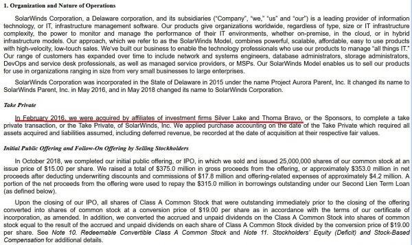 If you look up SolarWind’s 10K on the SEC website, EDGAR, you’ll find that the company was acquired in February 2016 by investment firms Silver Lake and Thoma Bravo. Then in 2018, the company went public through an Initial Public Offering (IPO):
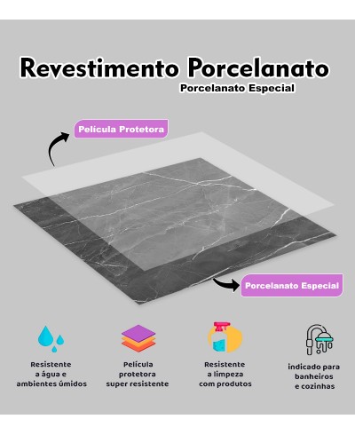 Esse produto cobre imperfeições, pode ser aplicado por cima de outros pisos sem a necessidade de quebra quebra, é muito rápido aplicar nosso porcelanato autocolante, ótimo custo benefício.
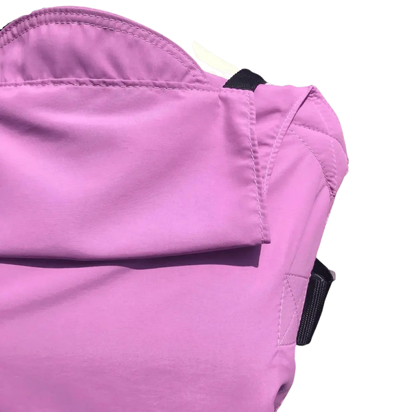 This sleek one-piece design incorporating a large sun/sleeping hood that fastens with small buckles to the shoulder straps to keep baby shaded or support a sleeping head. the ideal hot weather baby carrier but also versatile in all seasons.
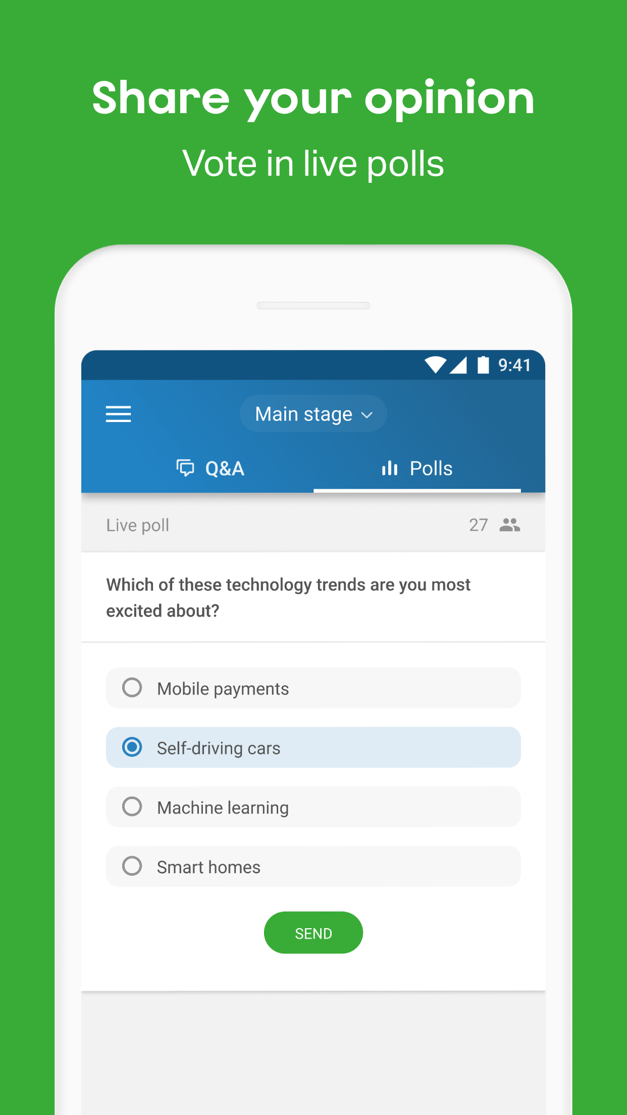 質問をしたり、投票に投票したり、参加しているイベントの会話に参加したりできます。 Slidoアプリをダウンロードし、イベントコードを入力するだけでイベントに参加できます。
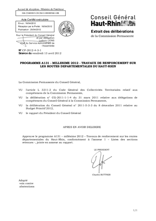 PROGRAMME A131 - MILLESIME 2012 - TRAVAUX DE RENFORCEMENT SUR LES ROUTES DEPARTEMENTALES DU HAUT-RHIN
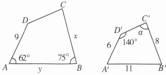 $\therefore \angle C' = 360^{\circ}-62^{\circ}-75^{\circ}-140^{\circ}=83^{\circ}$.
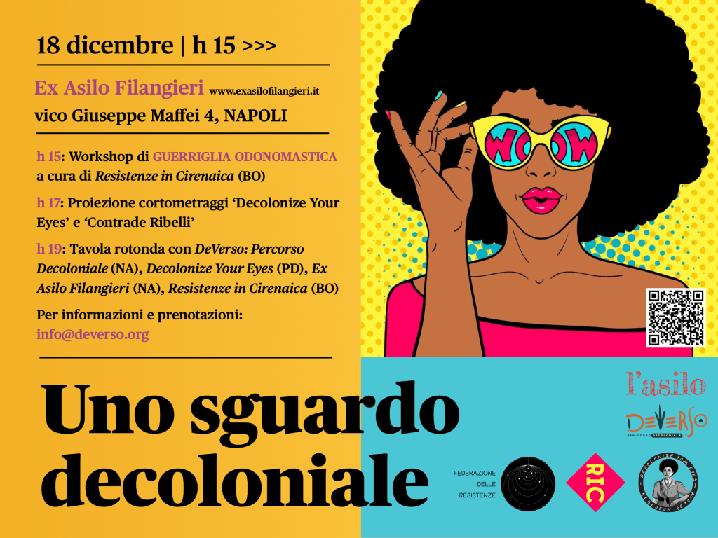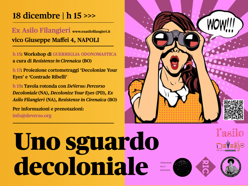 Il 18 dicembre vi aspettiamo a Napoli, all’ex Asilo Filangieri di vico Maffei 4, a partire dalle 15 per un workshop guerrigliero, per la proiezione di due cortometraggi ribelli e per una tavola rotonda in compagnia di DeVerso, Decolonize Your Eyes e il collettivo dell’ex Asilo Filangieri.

#### [Assigned task]
Exact repetition of all the records is required, with the pictures excluded.

#### [Exercise response]
 If you look up SolarWind’s 10K on the SEC website, EDGAR, you’ll find that the company was acquired in February 2016 by investment firms Silver Lake and Thoma Bravo. Then in 2018, the company went public through an Initial Public Offering (IPO):
 Esse produto cobre imperfeições, pode ser aplicado por cima de outros pisos sem a necessidade de quebra quebra, é muito rápido aplicar nosso porcelanato autocolante, ótimo custo benefício.
 This sleek one-piece design incorporating a large sun/sleeping hood that fastens with small buckles to the shoulder straps to keep baby shaded or support a sleeping head. the ideal hot weather baby carrier but also versatile in all seasons.
 質問をしたり、投票に投票したり、参加しているイベントの会話に参加したりできます。 Slidoアプリをダウンロードし、イベントコードを入力するだけでイベントに参加できます。
 PROGRAMME A131 - MILLESIME 2012 - TRAVAUX DE RENFORCEMENT SUR LES ROUTES DEPARTEMENTALES DU HAUT-RHIN
 $\therefore \angle C' = 360^{\circ}-62^{\circ}-75^{\circ}-140^{\circ}=83^{\circ}$.
 Il 18 dicembre vi aspettiamo a Napoli, all’ex Asilo Filangieri di vico Maffei 4, a partire dalle 15 per un workshop guerrigliero, per la proiezione di due cortometraggi ribelli e per una tavola rotonda in compagnia di DeVerso, Decolonize Your Eyes e il collettivo dell’ex Asilo Filangieri.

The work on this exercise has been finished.